Recorded data

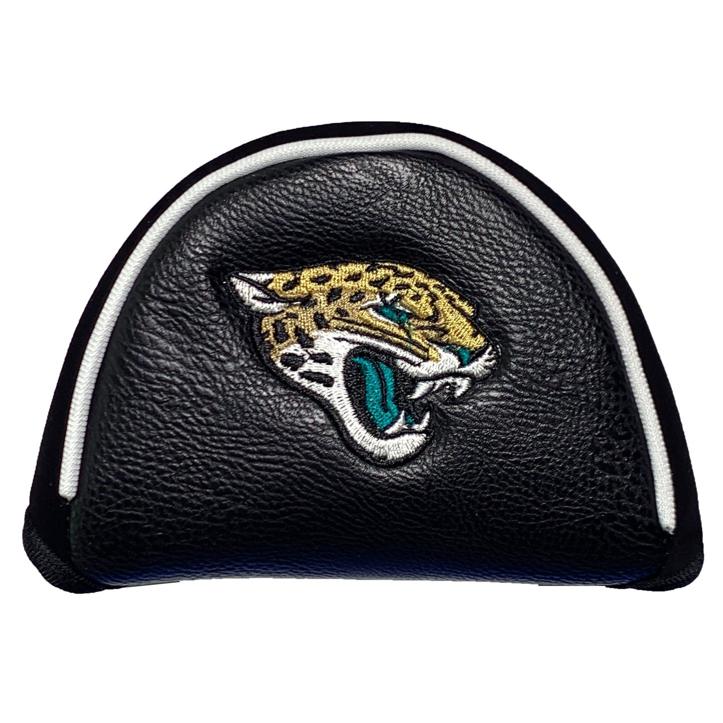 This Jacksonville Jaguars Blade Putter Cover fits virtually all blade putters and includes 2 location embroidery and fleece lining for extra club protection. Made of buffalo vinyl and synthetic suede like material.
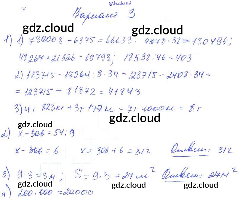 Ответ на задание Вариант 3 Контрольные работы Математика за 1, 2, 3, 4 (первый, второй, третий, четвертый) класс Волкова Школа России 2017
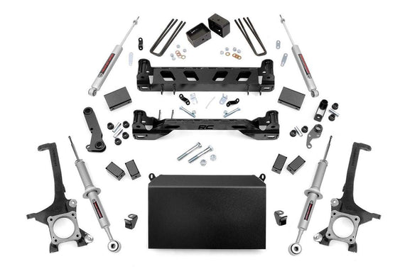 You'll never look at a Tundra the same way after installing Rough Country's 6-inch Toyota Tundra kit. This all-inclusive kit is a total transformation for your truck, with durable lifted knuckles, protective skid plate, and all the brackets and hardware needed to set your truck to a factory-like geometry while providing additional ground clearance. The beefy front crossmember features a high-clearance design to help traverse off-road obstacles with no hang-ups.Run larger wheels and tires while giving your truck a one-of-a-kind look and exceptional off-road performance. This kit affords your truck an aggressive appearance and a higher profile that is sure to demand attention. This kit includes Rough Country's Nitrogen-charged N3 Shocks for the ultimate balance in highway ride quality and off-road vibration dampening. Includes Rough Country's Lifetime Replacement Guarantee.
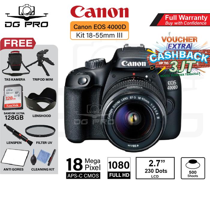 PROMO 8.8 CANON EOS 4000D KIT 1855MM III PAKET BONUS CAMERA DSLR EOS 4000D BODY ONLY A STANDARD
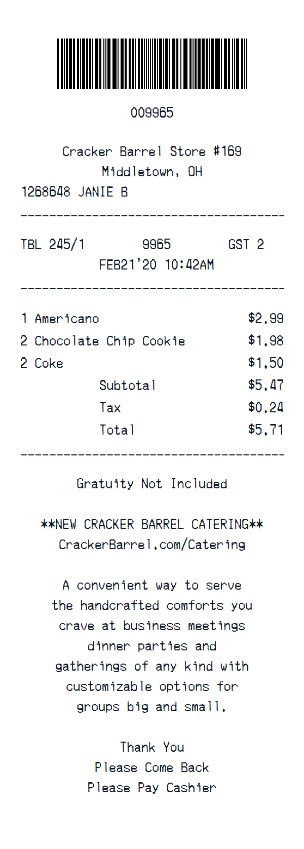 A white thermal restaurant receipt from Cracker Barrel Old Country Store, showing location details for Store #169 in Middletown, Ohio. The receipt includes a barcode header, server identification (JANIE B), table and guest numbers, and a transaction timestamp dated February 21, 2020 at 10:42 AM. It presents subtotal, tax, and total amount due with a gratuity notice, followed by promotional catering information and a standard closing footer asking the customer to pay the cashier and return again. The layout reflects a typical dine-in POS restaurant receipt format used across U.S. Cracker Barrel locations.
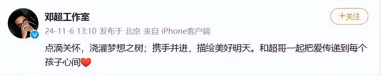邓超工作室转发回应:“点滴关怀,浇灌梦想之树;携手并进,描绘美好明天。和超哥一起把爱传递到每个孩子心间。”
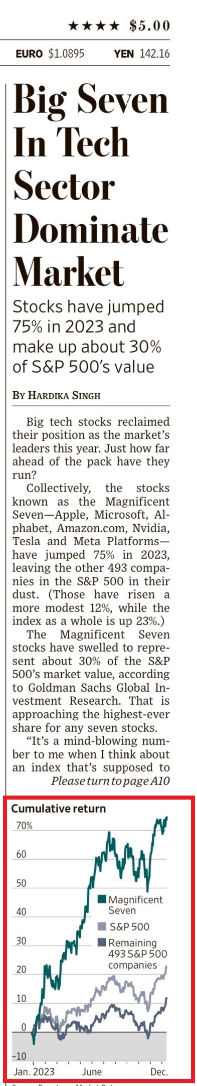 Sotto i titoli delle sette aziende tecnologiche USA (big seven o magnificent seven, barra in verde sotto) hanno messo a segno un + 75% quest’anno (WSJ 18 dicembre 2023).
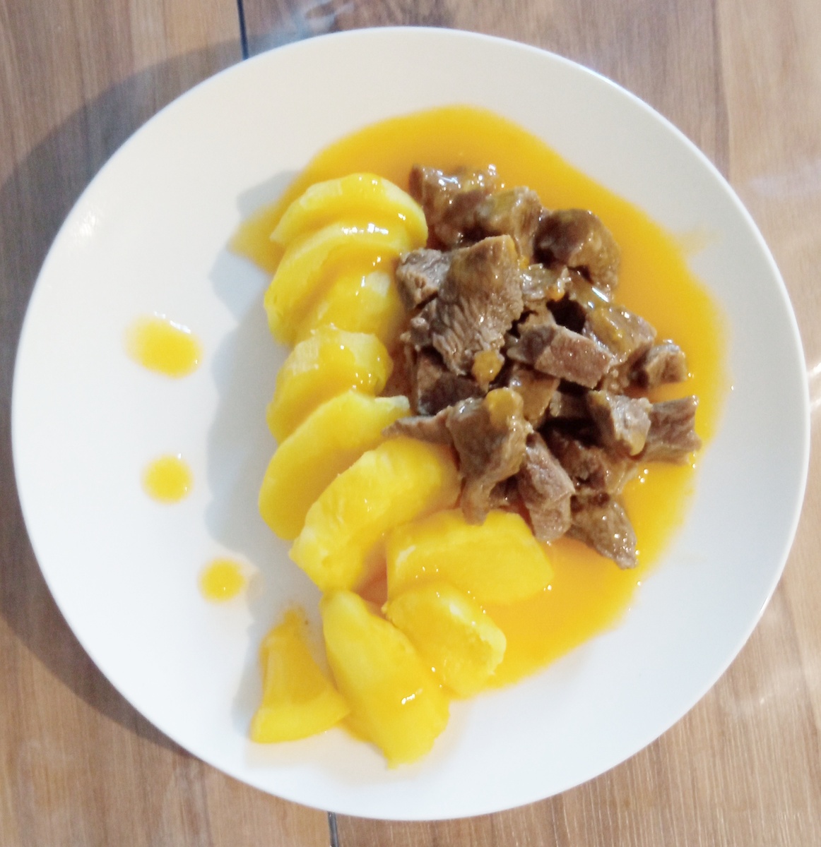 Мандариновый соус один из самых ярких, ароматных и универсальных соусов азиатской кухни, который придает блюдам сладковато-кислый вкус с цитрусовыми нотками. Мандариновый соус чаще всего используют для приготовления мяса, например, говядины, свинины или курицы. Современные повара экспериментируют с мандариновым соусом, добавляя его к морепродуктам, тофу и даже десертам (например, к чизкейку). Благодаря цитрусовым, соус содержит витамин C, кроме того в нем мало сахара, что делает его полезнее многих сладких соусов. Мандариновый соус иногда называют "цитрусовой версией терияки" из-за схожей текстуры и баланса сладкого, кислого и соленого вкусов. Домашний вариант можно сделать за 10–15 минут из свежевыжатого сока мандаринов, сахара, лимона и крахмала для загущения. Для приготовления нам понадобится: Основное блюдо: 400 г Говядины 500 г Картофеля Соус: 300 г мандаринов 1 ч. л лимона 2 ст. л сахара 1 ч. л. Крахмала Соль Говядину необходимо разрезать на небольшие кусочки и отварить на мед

--- TRY IT ---
Exact wording is required throughout: write out all the records, but no pictures.

--- REPLY ---
 This Jacksonville Jaguars Blade Putter Cover fits virtually all blade putters and includes 2 location embroidery and fleece lining for extra club protection. Made of buffalo vinyl and synthetic suede like material.
 Ответ на задание Вариант 3 Контрольные работы Математика за 1, 2, 3, 4 (первый, второй, третий, четвертый) класс Волкова Школа России 2017
 You'll never look at a Tundra the same way after installing Rough Country's 6-inch Toyota Tundra kit. This all-inclusive kit is a total transformation for your truck, with durable lifted knuckles, protective skid plate, and all the brackets and hardware needed to set your truck to a factory-like geometry while providing additional ground clearance. The beefy front crossmember features a high-clearance design to help traverse off-road obstacles with no hang-ups.Run larger wheels and tires while giving your truck a one-of-a-kind look and exceptional off-road performance. This kit affords your truck an aggressive appearance and a higher profile that is sure to demand attention. This kit includes Rough Country's Nitrogen-charged N3 Shocks for the ultimate balance in highway ride quality and off-road vibration dampening. Includes Rough Country's Lifetime Replacement Guarantee.
 PROMO 8.8 CANON EOS 4000D KIT 1855MM III PAKET BONUS CAMERA DSLR EOS 4000D BODY ONLY A STANDARD
 A white thermal restaurant receipt from Cracker Barrel Old Country Store, showing location details for Store #169 in Middletown, Ohio. The receipt includes a barcode header, server identification (JANIE B), table and guest numbers, and a transaction timestamp dated February 21, 2020 at 10:42 AM. It presents subtotal, tax, and total amount due with a gratuity notice, followed by promotional catering information and a standard closing footer asking the customer to pay the cashier and return again. The layout reflects a typical dine-in POS restaurant receipt format used across U.S. Cracker Barrel locations.
邓超工作室转发回应:“点滴关怀,浇灌梦想之树;携手并进,描绘美好明天。和超哥一起把爱传递到每个孩子心间。”
 Sotto i titoli delle sette aziende tecnologiche USA (big seven o magnificent seven, barra in verde sotto) hanno messo a segno un + 75% quest’anno (WSJ 18 dicembre 2023).
 Мандариновый соус один из самых ярких, ароматных и универсальных соусов азиатской кухни, который придает блюдам сладковато-кислый вкус с цитрусовыми нотками. Мандариновый соус чаще всего используют для приготовления мяса, например, говядины, свинины или курицы. Современные повара экспериментируют с мандариновым соусом, добавляя его к морепродуктам, тофу и даже десертам (например, к чизкейку). Благодаря цитрусовым, соус содержит витамин C, кроме того в нем мало сахара, что делает его полезнее многих сладких соусов. Мандариновый соус иногда называют "цитрусовой версией терияки" из-за схожей текстуры и баланса сладкого, кислого и соленого вкусов. Домашний вариант можно сделать за 10–15 минут из свежевыжатого сока мандаринов, сахара, лимона и крахмала для загущения. Для приготовления нам понадобится: Основное блюдо: 400 г Говядины 500 г Картофеля Соус: 300 г мандаринов 1 ч. л лимона 2 ст. л сахара 1 ч. л. Крахмала Соль Говядину необходимо разрезать на небольшие кусочки и отварить на мед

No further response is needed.